## TASK DIRECTIONS
The copy should hold only the line containing "- 5 removable" and the lines after it through the end of the material, each exact, with no pictures.

## DATA BELOW
>>>
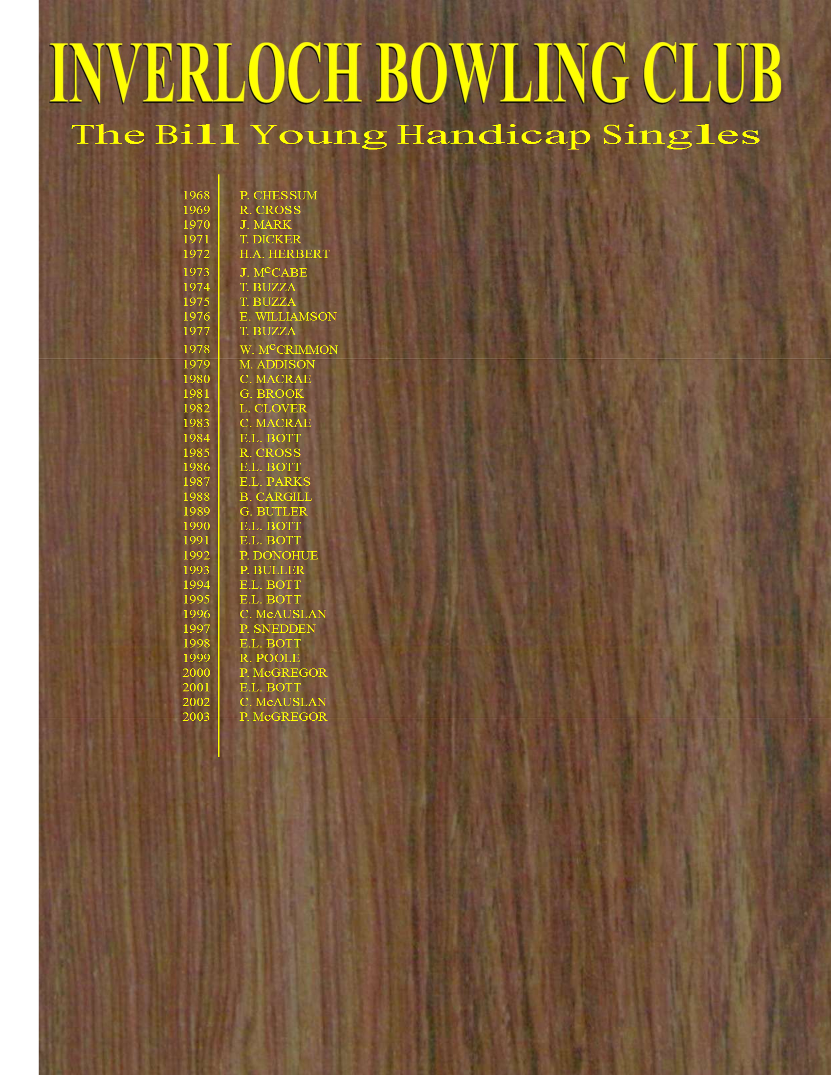 Ladies Achievements 2010-2024Men’s Achievements 2010-2016Bill Young Handicap Singles 1968-2003Office Bearers & Champions 2012-2026
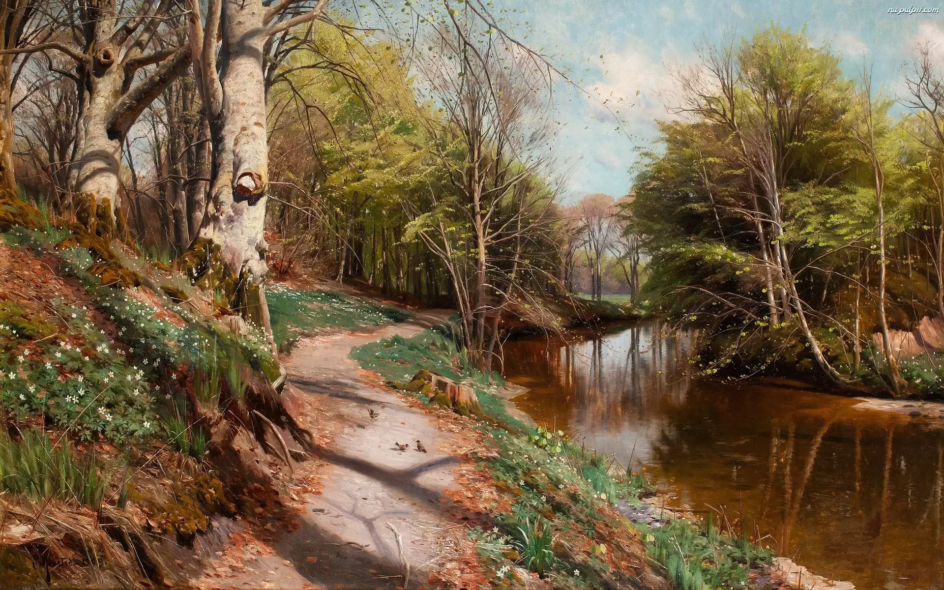 Drzewa, Peder Monsted, Droga, Rzeka, Malarstwo
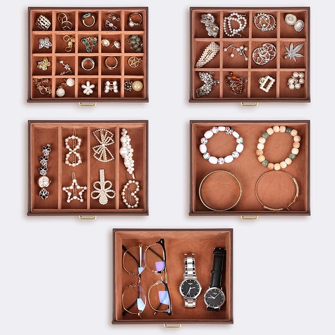 - 5 removable drawers for maximum jewelry storage. The deeper bottom drawer has only one compartment. Its size is 7.31"L x 5.81"W x 2.25"H. The other 4 drawers have the equal size. Their size is 7.31"L x 5.81"W x 1.00"H. Drawer 1 has 20 equal size compartments; Drawer 2 has 12 equal size compartments; Drawer 3 has 4 equal size compartments; Drawer 4 has just one compartment.
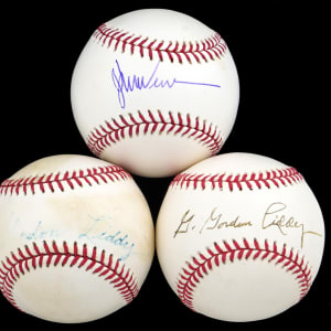 G. Gordon Liddy signed white ONL/White ball with faded (“2-3”) signature and JSA Sticker and Basic Cert.
<<<
## SOLVED EXERCISE
 - 5 removable drawers for maximum jewelry storage. The deeper bottom drawer has only one compartment. Its size is 7.31"L x 5.81"W x 2.25"H. The other 4 drawers have the equal size. Their size is 7.31"L x 5.81"W x 1.00"H. Drawer 1 has 20 equal size compartments; Drawer 2 has 12 equal size compartments; Drawer 3 has 4 equal size compartments; Drawer 4 has just one compartment.
 G. Gordon Liddy signed white ONL/White ball with faded (“2-3”) signature and JSA Sticker and Basic Cert.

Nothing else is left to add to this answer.